TASK STATEMENT:
Nothing but the lines from the one with "Personal de la" down to the one with "sense9 SH-53E SHG14を守ります." should be returned, exactly and with both ends included, from the material below.
BEGIN
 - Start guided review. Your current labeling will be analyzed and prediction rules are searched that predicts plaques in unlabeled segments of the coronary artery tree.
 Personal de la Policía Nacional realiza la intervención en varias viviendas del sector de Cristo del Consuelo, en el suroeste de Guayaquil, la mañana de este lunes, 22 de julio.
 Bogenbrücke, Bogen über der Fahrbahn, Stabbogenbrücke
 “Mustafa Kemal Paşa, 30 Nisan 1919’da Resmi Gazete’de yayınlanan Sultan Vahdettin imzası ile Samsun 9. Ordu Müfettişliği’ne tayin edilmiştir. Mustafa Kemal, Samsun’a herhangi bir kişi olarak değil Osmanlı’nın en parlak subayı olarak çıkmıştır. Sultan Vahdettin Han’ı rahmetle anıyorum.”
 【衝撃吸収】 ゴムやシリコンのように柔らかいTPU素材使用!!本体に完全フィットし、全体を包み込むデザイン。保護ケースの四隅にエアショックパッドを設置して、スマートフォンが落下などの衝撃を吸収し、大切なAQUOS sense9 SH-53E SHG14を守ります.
END
BEGIN
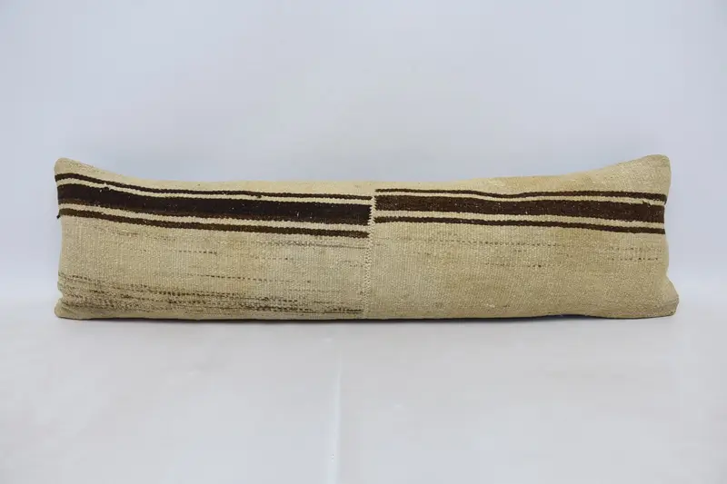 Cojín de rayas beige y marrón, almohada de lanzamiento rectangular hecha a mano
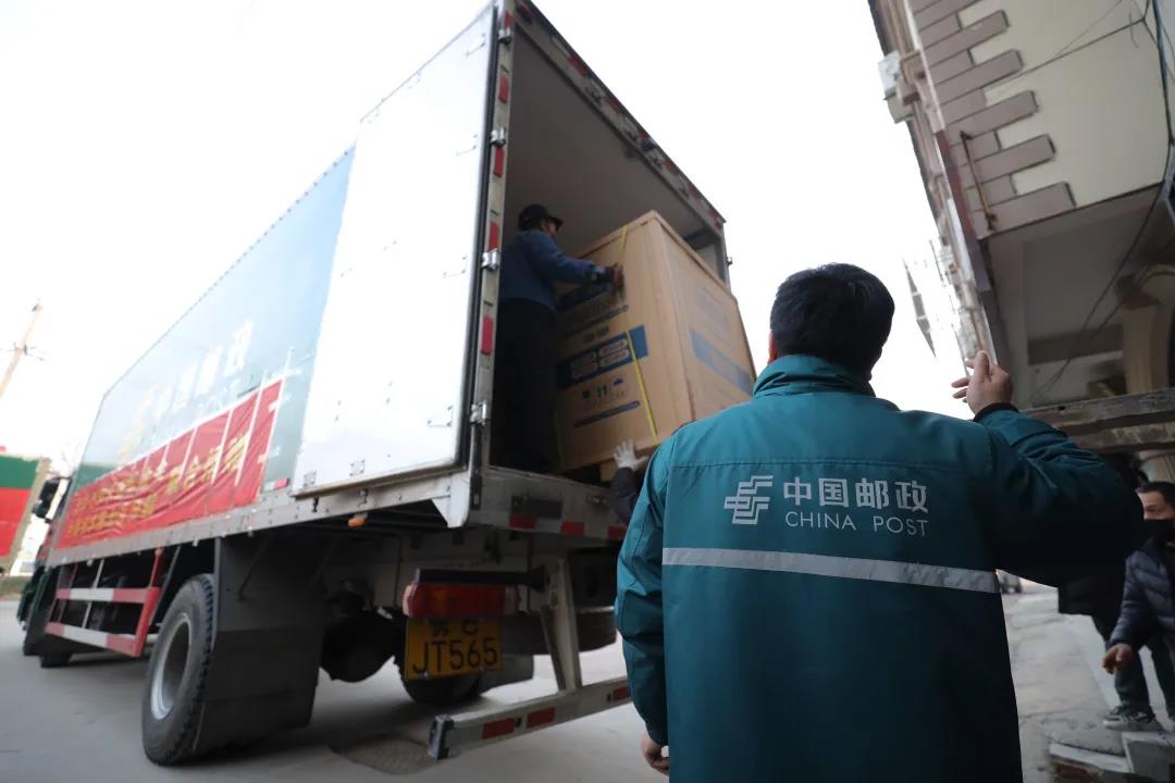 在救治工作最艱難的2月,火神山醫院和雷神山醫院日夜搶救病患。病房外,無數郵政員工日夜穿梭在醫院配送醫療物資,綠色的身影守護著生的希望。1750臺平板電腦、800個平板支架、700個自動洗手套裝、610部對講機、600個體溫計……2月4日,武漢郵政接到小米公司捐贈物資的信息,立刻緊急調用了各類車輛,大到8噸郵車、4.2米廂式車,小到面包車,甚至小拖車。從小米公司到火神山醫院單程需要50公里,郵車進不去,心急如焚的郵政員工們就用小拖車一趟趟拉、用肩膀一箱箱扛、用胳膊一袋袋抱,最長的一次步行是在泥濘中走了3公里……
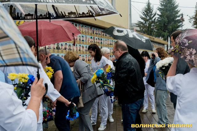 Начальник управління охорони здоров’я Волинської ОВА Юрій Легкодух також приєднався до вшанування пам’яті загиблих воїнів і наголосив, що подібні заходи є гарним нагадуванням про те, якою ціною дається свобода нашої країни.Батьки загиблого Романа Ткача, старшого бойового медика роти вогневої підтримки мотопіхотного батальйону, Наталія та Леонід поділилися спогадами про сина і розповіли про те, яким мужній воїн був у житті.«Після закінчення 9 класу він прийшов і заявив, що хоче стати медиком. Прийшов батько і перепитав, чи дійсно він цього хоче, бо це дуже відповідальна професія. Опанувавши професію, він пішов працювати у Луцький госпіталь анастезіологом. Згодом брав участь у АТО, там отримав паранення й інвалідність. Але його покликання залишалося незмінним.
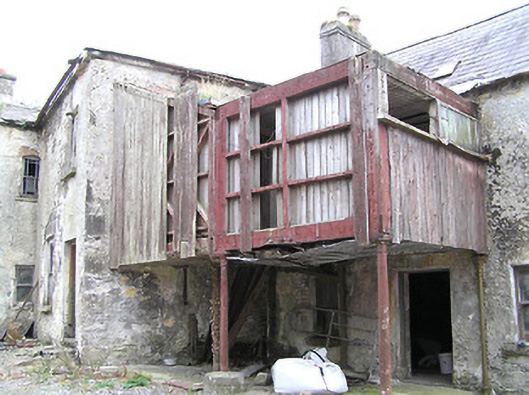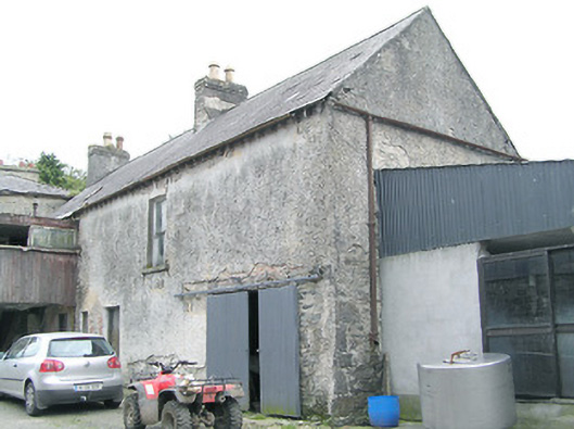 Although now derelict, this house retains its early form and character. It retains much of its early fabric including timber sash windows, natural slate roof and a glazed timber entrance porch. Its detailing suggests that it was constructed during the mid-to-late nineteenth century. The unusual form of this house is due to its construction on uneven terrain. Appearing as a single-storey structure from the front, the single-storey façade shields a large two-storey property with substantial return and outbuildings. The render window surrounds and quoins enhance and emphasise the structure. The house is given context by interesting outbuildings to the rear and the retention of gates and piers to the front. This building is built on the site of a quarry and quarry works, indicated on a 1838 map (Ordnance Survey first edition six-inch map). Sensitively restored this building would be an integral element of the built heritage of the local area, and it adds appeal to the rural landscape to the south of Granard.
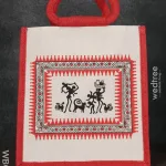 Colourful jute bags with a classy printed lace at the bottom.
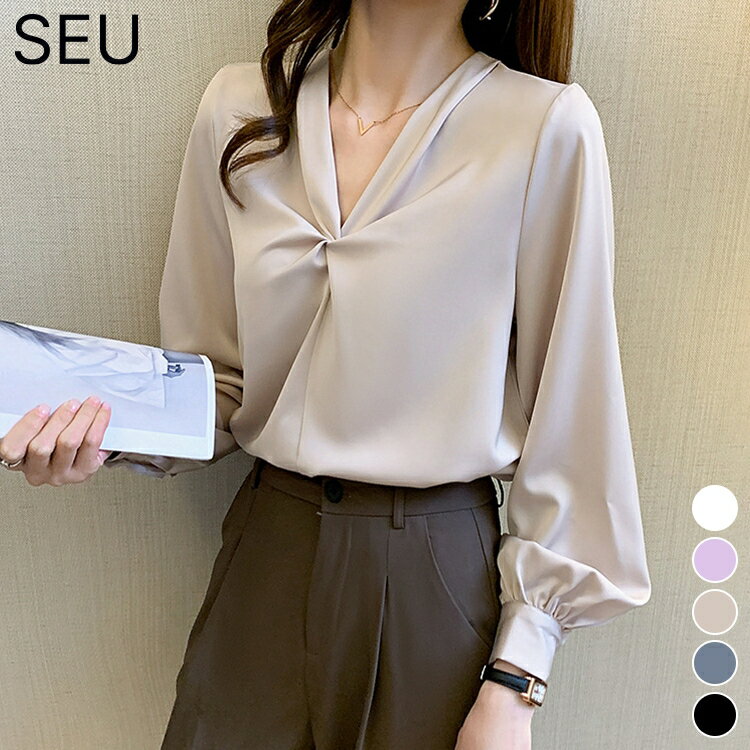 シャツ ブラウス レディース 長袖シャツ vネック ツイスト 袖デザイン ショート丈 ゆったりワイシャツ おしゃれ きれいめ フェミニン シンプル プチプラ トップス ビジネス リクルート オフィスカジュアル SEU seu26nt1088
END
RESULT:
 Personal de la Policía Nacional realiza la intervención en varias viviendas del sector de Cristo del Consuelo, en el suroeste de Guayaquil, la mañana de este lunes, 22 de julio.
 Bogenbrücke, Bogen über der Fahrbahn, Stabbogenbrücke
 “Mustafa Kemal Paşa, 30 Nisan 1919’da Resmi Gazete’de yayınlanan Sultan Vahdettin imzası ile Samsun 9. Ordu Müfettişliği’ne tayin edilmiştir. Mustafa Kemal, Samsun’a herhangi bir kişi olarak değil Osmanlı’nın en parlak subayı olarak çıkmıştır. Sultan Vahdettin Han’ı rahmetle anıyorum.”
 【衝撃吸収】 ゴムやシリコンのように柔らかいTPU素材使用!!本体に完全フィットし、全体を包み込むデザイン。保護ケースの四隅にエアショックパッドを設置して、スマートフォンが落下などの衝撃を吸収し、大切なAQUOS sense9 SH-53E SHG14を守ります.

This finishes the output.